Content starts

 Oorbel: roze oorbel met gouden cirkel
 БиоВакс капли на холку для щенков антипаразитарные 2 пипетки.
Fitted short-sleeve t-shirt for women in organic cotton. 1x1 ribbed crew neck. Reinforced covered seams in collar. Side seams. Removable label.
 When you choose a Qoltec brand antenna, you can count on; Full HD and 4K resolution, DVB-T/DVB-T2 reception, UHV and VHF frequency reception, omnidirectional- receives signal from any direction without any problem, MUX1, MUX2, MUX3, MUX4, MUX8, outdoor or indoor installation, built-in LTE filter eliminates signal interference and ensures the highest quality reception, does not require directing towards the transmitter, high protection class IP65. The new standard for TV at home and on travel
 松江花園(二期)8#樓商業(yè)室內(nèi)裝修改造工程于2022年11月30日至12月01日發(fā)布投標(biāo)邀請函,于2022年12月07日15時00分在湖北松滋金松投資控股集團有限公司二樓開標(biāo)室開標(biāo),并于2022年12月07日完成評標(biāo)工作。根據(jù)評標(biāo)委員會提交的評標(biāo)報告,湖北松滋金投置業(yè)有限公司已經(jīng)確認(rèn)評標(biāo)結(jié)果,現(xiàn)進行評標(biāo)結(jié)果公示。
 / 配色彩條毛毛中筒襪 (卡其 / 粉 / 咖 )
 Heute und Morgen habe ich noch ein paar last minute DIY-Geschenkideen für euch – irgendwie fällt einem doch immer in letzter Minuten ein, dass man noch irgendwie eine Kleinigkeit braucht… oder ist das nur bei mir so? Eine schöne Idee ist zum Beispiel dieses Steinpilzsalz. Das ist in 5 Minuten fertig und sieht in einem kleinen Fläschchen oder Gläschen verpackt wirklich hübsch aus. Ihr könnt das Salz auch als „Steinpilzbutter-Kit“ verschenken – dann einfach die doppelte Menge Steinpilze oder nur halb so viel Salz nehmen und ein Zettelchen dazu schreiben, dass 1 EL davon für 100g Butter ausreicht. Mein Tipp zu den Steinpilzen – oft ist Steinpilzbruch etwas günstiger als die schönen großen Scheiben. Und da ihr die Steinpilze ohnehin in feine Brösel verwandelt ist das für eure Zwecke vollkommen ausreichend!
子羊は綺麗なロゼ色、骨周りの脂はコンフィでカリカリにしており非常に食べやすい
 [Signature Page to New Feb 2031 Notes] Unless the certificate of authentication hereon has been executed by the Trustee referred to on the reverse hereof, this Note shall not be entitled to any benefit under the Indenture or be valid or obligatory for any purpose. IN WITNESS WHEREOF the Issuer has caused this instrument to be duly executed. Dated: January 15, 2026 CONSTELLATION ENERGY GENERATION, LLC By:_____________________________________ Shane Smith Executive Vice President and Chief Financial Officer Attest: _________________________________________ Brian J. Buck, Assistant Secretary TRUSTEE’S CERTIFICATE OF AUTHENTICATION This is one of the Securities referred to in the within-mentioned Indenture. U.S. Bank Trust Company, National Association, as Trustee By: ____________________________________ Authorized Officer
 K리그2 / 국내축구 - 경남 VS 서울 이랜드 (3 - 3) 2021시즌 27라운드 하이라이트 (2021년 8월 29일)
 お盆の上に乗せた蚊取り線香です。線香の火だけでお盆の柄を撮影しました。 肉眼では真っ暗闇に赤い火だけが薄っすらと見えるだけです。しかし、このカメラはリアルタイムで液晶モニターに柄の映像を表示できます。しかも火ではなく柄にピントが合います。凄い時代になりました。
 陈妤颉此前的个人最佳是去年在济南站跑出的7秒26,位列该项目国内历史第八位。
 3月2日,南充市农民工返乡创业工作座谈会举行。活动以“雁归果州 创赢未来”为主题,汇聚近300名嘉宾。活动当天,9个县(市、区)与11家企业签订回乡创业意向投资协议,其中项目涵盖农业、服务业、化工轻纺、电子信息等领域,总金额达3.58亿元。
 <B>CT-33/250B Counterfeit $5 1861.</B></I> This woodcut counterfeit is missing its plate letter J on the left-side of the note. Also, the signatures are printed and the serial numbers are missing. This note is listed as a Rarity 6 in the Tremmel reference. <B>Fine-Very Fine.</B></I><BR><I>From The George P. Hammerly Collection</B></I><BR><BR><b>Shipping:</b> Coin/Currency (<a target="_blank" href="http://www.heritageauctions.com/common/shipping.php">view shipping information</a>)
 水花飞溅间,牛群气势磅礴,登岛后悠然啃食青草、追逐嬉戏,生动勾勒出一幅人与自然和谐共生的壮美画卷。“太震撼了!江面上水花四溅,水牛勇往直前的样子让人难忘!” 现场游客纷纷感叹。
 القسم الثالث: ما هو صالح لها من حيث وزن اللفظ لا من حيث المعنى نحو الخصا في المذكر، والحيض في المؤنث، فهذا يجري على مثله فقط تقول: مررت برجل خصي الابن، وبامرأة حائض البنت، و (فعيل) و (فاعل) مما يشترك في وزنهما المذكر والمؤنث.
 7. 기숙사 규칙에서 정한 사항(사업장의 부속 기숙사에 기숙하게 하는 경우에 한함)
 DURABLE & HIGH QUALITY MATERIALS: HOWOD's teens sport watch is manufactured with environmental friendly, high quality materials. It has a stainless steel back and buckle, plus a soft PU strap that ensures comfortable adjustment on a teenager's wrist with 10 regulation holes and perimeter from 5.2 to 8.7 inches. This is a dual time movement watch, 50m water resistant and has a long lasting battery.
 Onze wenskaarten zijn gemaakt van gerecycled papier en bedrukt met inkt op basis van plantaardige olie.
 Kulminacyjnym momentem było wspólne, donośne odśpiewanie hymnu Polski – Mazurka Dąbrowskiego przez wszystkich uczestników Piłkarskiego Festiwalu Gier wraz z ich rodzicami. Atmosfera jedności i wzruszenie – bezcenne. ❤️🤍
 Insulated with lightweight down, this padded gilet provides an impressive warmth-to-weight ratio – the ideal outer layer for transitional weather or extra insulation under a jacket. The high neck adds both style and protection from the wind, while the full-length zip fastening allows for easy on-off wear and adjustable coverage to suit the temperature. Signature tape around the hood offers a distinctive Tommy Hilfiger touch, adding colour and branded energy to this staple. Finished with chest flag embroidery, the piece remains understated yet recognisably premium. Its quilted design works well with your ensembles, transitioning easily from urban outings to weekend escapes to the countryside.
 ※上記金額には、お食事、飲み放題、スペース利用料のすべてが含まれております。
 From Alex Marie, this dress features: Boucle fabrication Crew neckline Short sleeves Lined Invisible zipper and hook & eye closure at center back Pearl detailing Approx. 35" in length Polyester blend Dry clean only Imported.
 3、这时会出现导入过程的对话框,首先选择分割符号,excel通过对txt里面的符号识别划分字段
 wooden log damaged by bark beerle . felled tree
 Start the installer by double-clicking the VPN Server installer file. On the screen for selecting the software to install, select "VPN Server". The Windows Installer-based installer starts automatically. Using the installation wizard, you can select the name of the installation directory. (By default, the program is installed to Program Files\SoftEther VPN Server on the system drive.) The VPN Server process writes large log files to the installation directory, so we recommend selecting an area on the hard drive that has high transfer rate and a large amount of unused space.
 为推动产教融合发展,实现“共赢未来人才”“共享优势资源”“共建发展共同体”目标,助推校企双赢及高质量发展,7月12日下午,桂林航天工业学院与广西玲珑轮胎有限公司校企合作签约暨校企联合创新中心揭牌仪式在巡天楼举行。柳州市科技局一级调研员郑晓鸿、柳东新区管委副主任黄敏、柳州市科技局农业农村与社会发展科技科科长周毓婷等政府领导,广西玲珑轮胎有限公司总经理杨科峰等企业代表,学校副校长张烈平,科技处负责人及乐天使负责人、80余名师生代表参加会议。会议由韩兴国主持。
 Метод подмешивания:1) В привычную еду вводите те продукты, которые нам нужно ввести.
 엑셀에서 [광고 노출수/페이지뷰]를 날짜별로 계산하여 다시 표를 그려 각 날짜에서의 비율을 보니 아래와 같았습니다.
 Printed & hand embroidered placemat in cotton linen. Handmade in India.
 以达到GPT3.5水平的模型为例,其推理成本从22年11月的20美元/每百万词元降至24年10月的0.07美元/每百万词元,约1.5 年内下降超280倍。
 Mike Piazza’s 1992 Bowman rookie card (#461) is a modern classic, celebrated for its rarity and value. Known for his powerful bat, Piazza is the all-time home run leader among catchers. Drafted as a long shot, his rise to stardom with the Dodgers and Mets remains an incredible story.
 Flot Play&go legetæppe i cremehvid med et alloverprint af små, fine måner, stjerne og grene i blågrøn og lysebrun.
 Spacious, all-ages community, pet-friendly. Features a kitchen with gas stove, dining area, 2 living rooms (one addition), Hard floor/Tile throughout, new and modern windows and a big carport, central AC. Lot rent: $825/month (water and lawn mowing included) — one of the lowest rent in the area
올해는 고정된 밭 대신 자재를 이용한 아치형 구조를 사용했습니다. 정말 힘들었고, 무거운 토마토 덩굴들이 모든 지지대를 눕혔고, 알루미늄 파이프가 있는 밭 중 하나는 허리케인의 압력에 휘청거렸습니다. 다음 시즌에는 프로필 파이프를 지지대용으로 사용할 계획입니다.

Content ends

Using the records above, write out exactly the lines between the one holding "[Signature Page to" and the one holding "陈妤颉此前的个人最佳是去年在济南站跑出的7秒26,位列该项目国内历史第八位。", inclusive; leave everything else out.

 [Signature Page to New Feb 2031 Notes] Unless the certificate of authentication hereon has been executed by the Trustee referred to on the reverse hereof, this Note shall not be entitled to any benefit under the Indenture or be valid or obligatory for any purpose. IN WITNESS WHEREOF the Issuer has caused this instrument to be duly executed. Dated: January 15, 2026 CONSTELLATION ENERGY GENERATION, LLC By:_____________________________________ Shane Smith Executive Vice President and Chief Financial Officer Attest: _________________________________________ Brian J. Buck, Assistant Secretary TRUSTEE’S CERTIFICATE OF AUTHENTICATION This is one of the Securities referred to in the within-mentioned Indenture. U.S. Bank Trust Company, National Association, as Trustee By: ____________________________________ Authorized Officer
 K리그2 / 국내축구 - 경남 VS 서울 이랜드 (3 - 3) 2021시즌 27라운드 하이라이트 (2021년 8월 29일)
 お盆の上に乗せた蚊取り線香です。線香の火だけでお盆の柄を撮影しました。 肉眼では真っ暗闇に赤い火だけが薄っすらと見えるだけです。しかし、このカメラはリアルタイムで液晶モニターに柄の映像を表示できます。しかも火ではなく柄にピントが合います。凄い時代になりました。
 陈妤颉此前的个人最佳是去年在济南站跑出的7秒26,位列该项目国内历史第八位。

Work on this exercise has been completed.